What is strange is that BOOT partition is not detected as xfs (while it should be) with the default Talos install
Yeah it looks like the other node with similar hardware picks up the filesystem type of the boot partition properly. I'll try a fresh install on that node and see if it fixes it.

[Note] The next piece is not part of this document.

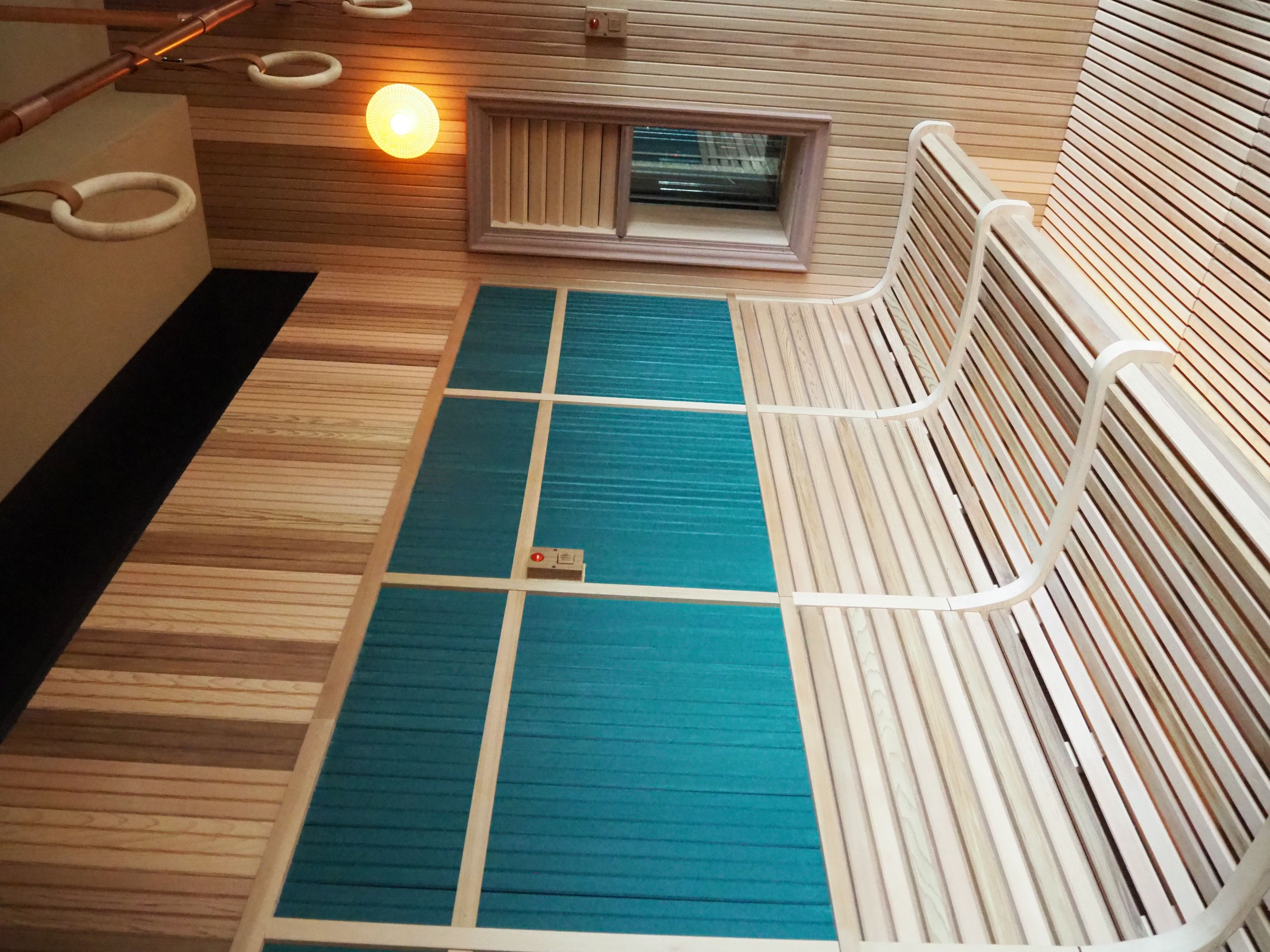 このビルの4階に出店するオークランド観光開発(愛知県春日井市)の「サウナメッツァ大井町トラックス」はサウナからのトレインビューを楽しめ、男性用浴室はつり革を設けるなど通勤電車の車内を模した「トラムサウナ」のデザインにしている。

➜ ~ talosctl get dv -n 10.0.144.105
NODE NAMESPACE TYPE ID VERSION TYPE SIZE DISCOVERED LABEL PARTITIONLABEL
10.0.144.105 runtime DiscoveredVolume dm-0 1 disk 1.2 TB
10.0.144.105 runtime DiscoveredVolume dm-1 1 disk 1.2 TB
10.0.144.105 runtime DiscoveredVolume loop3 1 disk 74 MB squashfs
10.0.144.105 runtime DiscoveredVolume sdb 1 disk 299 GB gpt
10.0.144.105 runtime DiscoveredVolume sdb1 1 partition 105 MB vfat EFI EFI
10.0.144.105 runtime DiscoveredVolume sdb2 1 partition 1.0 MB BIOS
10.0.144.105 runtime DiscoveredVolume sdb3 1 partition 1.0 GB xfs BOOT BOOT
10.0.144.105 runtime DiscoveredVolume sdb4 1 partition 1.0 MB talosmeta META
10.0.144.105 runtime DiscoveredVolume sdb5 1 partition 105 MB xfs STATE STATE
10.0.144.105 runtime DiscoveredVolume sdb6 1 partition 298 GB xfs EPHEMERAL EPHEMERAL
10.0.144.105 runtime DiscoveredVolume sdc 1 disk 299 GB
10.0.144.105 runtime DiscoveredVolume sdd 1 disk 1.2 TB lvm2-pv eQcIiv-xZT3-aRub-gJmI-HWCq-p2he-BrHP2F
10.0.144.105 runtime DiscoveredVolume sde 1 disk 1.2 TB lvm2-pv BFOZAj-wXSA-vmze-89LK-RK2d-wCwc-eNL5Tl
10.0.144.105 runtime DiscoveredVolume sdf 1 disk 1.2 TB
This issue is stale because it has been open 180 days with no activity. Remove stale label or comment or this will be closed in 7 days.